Word Ladder is Apple's BFS-on-a-virtual-graph hard. The trick is generating neighbors implicitly — for each word, try replacing each letter with each of 26 alternatives. BFS guarantees the shortest path. Bidirectional BFS is the optimization for the 'now make it faster' follow-up.

By Alex Chen, Founder, InterviewChamp.AI · Last verified

Source citations

Public interview reports confirming this problem appears in Apple loops.

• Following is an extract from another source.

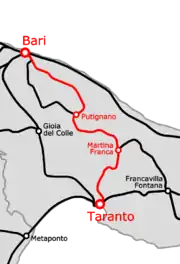 | Bari–Martina Franca–Taranto railway | ||||||||||||||||||||||||||||||||||||||||||||||||||||||||||||||||||||||||||||||||||||||||||||||||||||||||||||||||||||||||||||||||||||||||||||||||||||||||||||||||||||||||||||||||||||||||||||||||||||||||||||||||||||||||

  • Glassdoor (2026-Q1)Apple SWE onsite reports list Word Ladder as a recurring 45-minute graph BFS hard.
  • Blind (2025-12)Apple ICT4/ICT5 reports cite Word Ladder with the bidirectional-BFS follow-up.

Problem

A transformation sequence from word beginWord to word endWord using a dictionary wordList is a sequence of words beginWord -> s_1 -> s_2 -> ... -> s_k such that every adjacent pair of words differs by a single letter, every s_i for 1 <= i <= k is in wordList. Note that beginWord does not need to be in wordList. Also, s_k == endWord. Given two words, beginWord and endWord, and a dictionary wordList, return the number of words in the shortest transformation sequence from beginWord to endWord, or 0 if no such sequence exists.

Constraints

  • 1 <= beginWord.length <= 10
  • endWord.length == beginWord.length
  • 1 <= wordList.length <= 5000
  • wordList[i].length == beginWord.length
  • beginWord, endWord, and wordList[i] consist of lowercase English letters.
  • beginWord != endWord
  • All the words in wordList are unique.

Examples

Example 1

Input
beginWord = "hit", endWord = "cog", wordList = ["hot","dot","dog","lot","log","cog"]
Output
5

Explanation: One shortest transformation sequence is 'hit' -> 'hot' -> 'dot' -> 'dog' -> 'cog', which is 5 words long.

Example 2

Input
beginWord = "hit", endWord = "cog", wordList = ["hot","dot","dog","lot","log"]
Output
0

Explanation: The endWord 'cog' is not in wordList, therefore there is no valid transformation sequence.

Approaches

1. BFS with implicit neighbors (optimal-ish)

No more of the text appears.